The diseases, defects and deformities change from breed to breed, of course, but almost all the Kennel Club dogs now seem to be struggling under a horrific genetic load: jaw-dropping rates of cancer, juvenile cataracts, liver disease, hip dysplasia, deafness, endocrine issues, blood problems ... the list goes on and on.

Who wants to be part of that? No one!

In the February issue of Dogs Today, I wrote:

In the late 1990s... something came along that changed everything: the Internet.

It is hard to overstate the impact of the Internet. Suffice it to say that in our own lifetimes, we will see the end of books, newspapers and magazines as we have known them. The era of film cameras, video tape and recorded disks is already past. Many young people today have yet to lick their first stamp, such is the ubiquitous nature of email, voice mail and text messaging in this modern world.

What does this mean for the world of dogs?

Quite a lot.

The Internet, you see, has democratized information and mass communication.

Today, anyone with a computer can read Darwin's notes about canine evolution, research the origins of the Kennel Club, and locate health surveys and veterinary insurance records which illuminate the current and rising crisis in canine health around the world.

Of course, the thing that has not changed is that people are lazy. 

And so we still get owners buying working dogs from show dog breeders when all they really wanted was a pet.

We still get people buying puppies, because they don't really want a dog.

We still have people not asking for hip scores, not doing coeffcients of inbreeding, and not looking at previous progeny from earlier matings.

We sill have people not asking for test results for the most common health problems in "their" breed.

And, we still have sick, deformed, diseased, and defective dogs as a consequence.

Is there any excuse? 

Not really.

Do just ten Google searches to find health information on any common breed, and you will probably find all you need to know.

But people are willful and lazy. 

They want a dog that looks like the one in the picture book, and they want it NOW, and they do not want to drive far, and they do not want to be the kind of person who asks tough questions and walks away when given weak answers.

And so bad Kennel Club dog breeders still survive as a kind of intelligence test. 

But something new will arise. I do not know when, but I have no doubt it will. As I wrote in Dogs Today:

In the age of the Internet, creating a new national registry of dogs is no longer a daunting task. If the Kennel Club will not stand for dogs that are healthier and more able than those found down at the local pound, then someone else surely will.

While it took the Kennel Club 130 years and hundreds of millions of pounds to build their current registry, it might take a young Internet-savvy entrepreneur only a few weeks and perhaps 100,000 pounds to build the backbone of a parallel Internet-based registration system that pairs modern email outreach with a dynamic web site, a powerful online date base, and a system of real veterinary-based health checks coupled to product-based discounts on pet food, pet insurance, and veterinary care.

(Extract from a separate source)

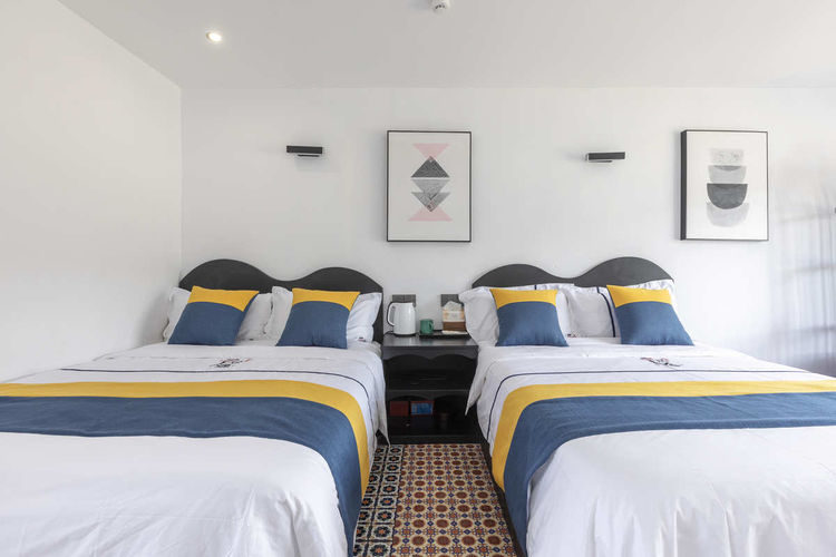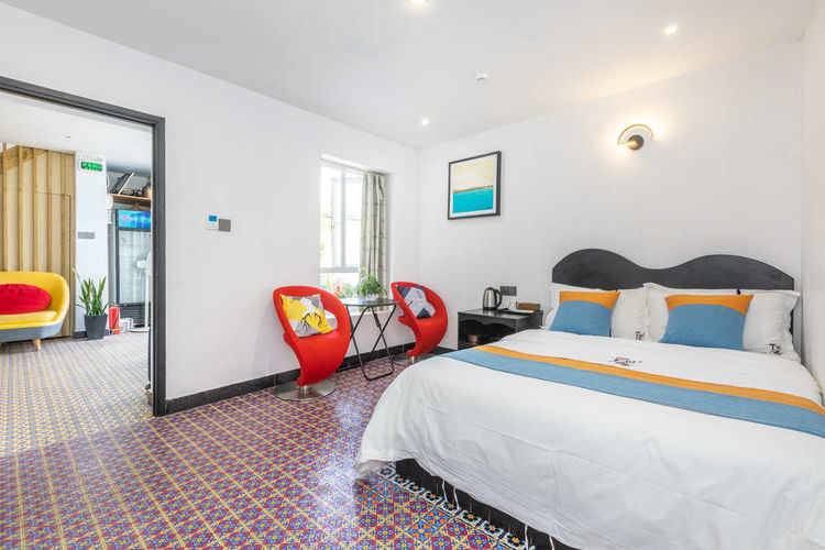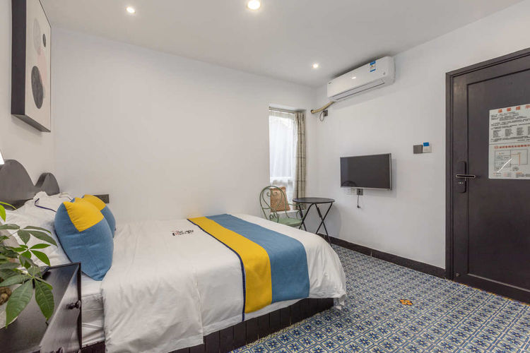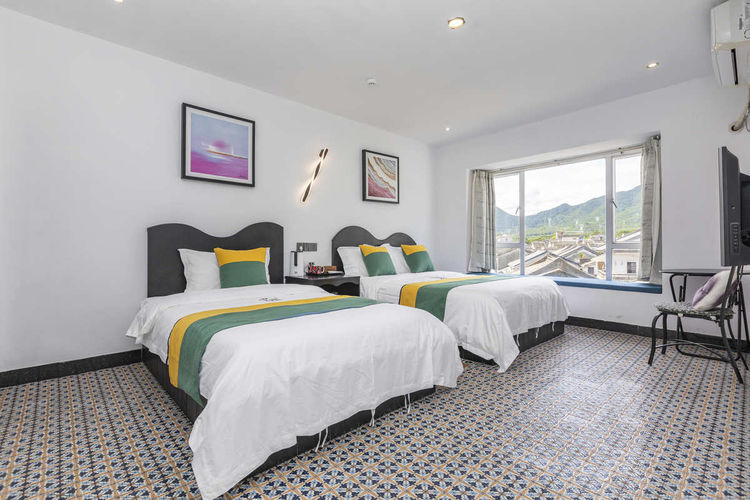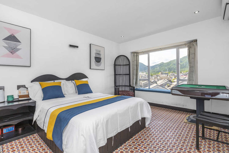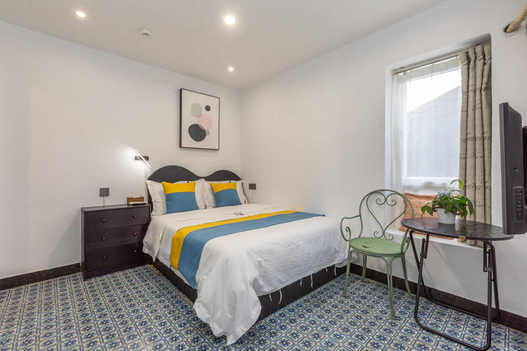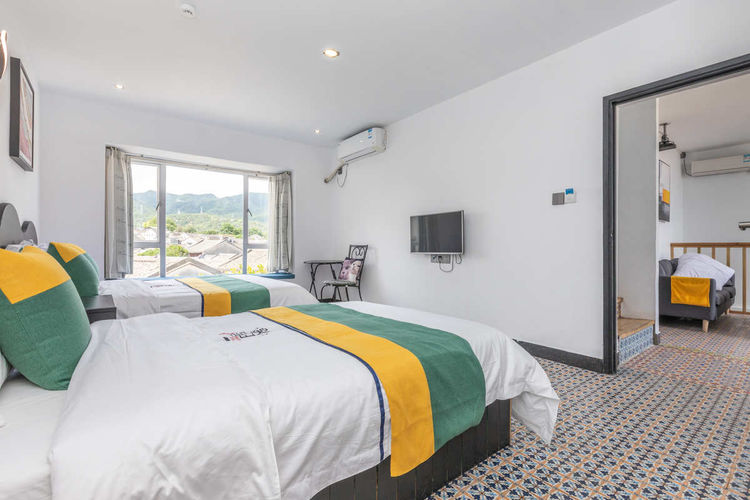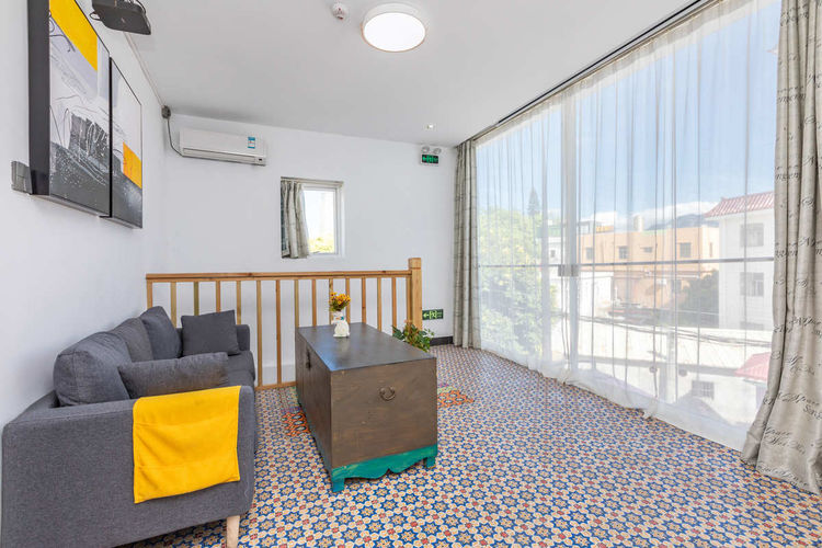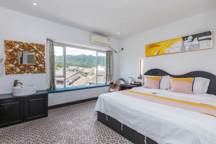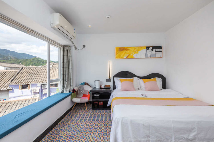 二楼 201 房,背靠古城,带有大飘窗,情侣入住为宜。

Unlike the Kennel Club, this new registry would have no historical baggage to tote, and would not have to pay homage to petulant prigs and screaming matrons hell-bent on holding on to defective standards and misguided Victorian-era theories.

One thing is for certain: at this point in the game, the Kennel Club cannot afford to dally and play footsie with incrementalism.

The 21st Century will no longer wait for the 19th Century to catch up.
.

We Can Have Better Dogs with Better Lives



I believe we can have better dogs with better lives.

I believe we need something different.

The old way is clearly in collapse.

Here in the United States, AKC registrations have plunged 60 percent since 1995.

In Canada, the Kennel Club continues to teeter on the edge of insolvency.

I do not know how we will get to this new place with better dogs with better lives.

But I know why we will get there, and we must get there, and to do that we must put dogs first.

Not profit.

Not fundraising. 

Not registry.

Not philosophy.

Not ribbons.

Not owners.

Not ego.

Dogs.

Of course, it's all crazy talk until someone starts something new and others follow.

But do I think the time is NOW?

Yes I do.

The time is now to put dogs first, because the dogs deserve better than what we have done so far.

There is a void.  It is only a matter of time before it is filled.


.

Sunday, September 26, 2010

Four Legs, Not Two


Had  a great day at the National Sheepdog finals. 

I took Gideon, who met a few Border Collies (he liked them), and I re-fought the Civil War with Don McCaig (he won). 

I met Heather Houlihan of the Raised by Wolves blog in person, along with her charming little-man English Shepherd, Cole, a happy and much loved survivor from the Great Montana English Shepherd Rescue of a few years back. 

I also ran into Mark Billadeau whose Pipe Dream Farm I once hunted (my memory being what it is, I at first wondered if I knew him from the Lindsay Lohan Rehab or the Eastern State Laughing Academy). 

Mark's got 10 or 11 Border Collies and a Maremma guard dog to keep coyotes off of his woollies, and the Maremma is apparently knocking off quite a few groundhogs too.  Excellent!

The sheep and the dogs at the trial were spectacular.  This was the last day of the finals, which is to say only the best of the best were left. 


The dogs had to do a very long outrun to the upper left, lift 10 sheep, and drive them down to a center gate area. 

Then the dogs had to do another long outrun to the upper right, lift another 10 sheep, and drive them down to the same area. 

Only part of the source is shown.